Construct a $\vartriangle ABC$ in which $CA= 6\ cm$, $AB= 5\ cm$ and $\angle BAC= 45^{o}$, Then construct a triangle whose sides are $\frac {3}{5}$ of the corresponding sides of ABC.

Given: $CA= 6\ cm$, $AB= 5\ cm$ and $\angle BAC= 45^{o}$,

To do: To construct a $\vartriangle ABC$ in which $CA= 6\ cm$, $AB= 5\ cm$ and $\angle BAC= 45^{o}$, Then To construct a triangle whose sides are $\frac {3}{5}$ of the corresponding sides of ABC.

1. Draw AB=5 cm. With A as center, draw $\angle BAC= 45^{o}$. Join BC. ABC is thus formed.

2. Draw AX such that $\angle BAX$ is an acute angle.

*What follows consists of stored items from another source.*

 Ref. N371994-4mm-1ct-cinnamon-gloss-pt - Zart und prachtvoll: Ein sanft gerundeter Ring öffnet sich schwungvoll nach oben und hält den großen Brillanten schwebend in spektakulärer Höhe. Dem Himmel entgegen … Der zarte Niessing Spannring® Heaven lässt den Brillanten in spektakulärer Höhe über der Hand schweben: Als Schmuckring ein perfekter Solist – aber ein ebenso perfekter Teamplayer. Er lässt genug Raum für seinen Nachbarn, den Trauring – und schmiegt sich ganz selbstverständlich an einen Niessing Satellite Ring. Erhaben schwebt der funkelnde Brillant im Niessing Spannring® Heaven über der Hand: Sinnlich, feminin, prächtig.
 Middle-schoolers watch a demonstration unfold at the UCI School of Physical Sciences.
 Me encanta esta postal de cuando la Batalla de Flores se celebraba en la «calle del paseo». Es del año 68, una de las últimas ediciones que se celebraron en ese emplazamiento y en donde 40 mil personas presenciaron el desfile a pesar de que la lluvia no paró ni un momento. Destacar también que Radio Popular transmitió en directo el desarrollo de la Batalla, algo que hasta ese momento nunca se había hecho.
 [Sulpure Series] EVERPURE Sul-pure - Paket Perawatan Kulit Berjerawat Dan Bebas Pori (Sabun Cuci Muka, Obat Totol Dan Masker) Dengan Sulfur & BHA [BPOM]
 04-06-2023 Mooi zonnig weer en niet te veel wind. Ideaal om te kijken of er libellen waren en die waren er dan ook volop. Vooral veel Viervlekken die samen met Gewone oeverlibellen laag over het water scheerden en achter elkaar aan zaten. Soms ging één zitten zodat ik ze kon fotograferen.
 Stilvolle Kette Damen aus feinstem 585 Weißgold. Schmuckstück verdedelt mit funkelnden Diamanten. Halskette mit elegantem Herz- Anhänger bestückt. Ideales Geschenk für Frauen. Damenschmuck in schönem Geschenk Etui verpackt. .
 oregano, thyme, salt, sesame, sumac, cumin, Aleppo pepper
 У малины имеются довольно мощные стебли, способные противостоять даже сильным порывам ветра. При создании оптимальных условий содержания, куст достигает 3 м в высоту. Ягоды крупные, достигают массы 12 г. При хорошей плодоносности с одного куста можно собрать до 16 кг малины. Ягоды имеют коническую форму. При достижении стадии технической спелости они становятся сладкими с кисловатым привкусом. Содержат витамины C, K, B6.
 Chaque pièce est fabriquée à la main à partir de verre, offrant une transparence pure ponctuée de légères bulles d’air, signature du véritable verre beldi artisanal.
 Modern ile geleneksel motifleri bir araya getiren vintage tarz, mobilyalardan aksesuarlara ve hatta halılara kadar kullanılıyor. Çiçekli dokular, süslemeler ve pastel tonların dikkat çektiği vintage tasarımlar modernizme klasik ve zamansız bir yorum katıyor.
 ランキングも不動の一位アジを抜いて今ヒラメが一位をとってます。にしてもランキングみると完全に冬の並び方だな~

3. Cut 5 equal arcs such that $AA_{1}=A_{1}A_{2}=A_{2}A_{3}=A_{3}A_{4}=A_{4}A_{5}$

4. Join $A_{5}$ to $B$ and draw a line through $A_{3}$ parallel to $A_{5}B$ which meets AB at B'

Here, $AB'=\frac{3}{5}AB$.

Now draw a line through $B'$ parallel to $BC$ which joins $AC$ at $C'$.

Here,

 $B'C'=\frac{3}{5}BC$ and $AC'=\frac{3}{5}AC$

Thus, $\vartriangle AB'C'$ is the required triangle.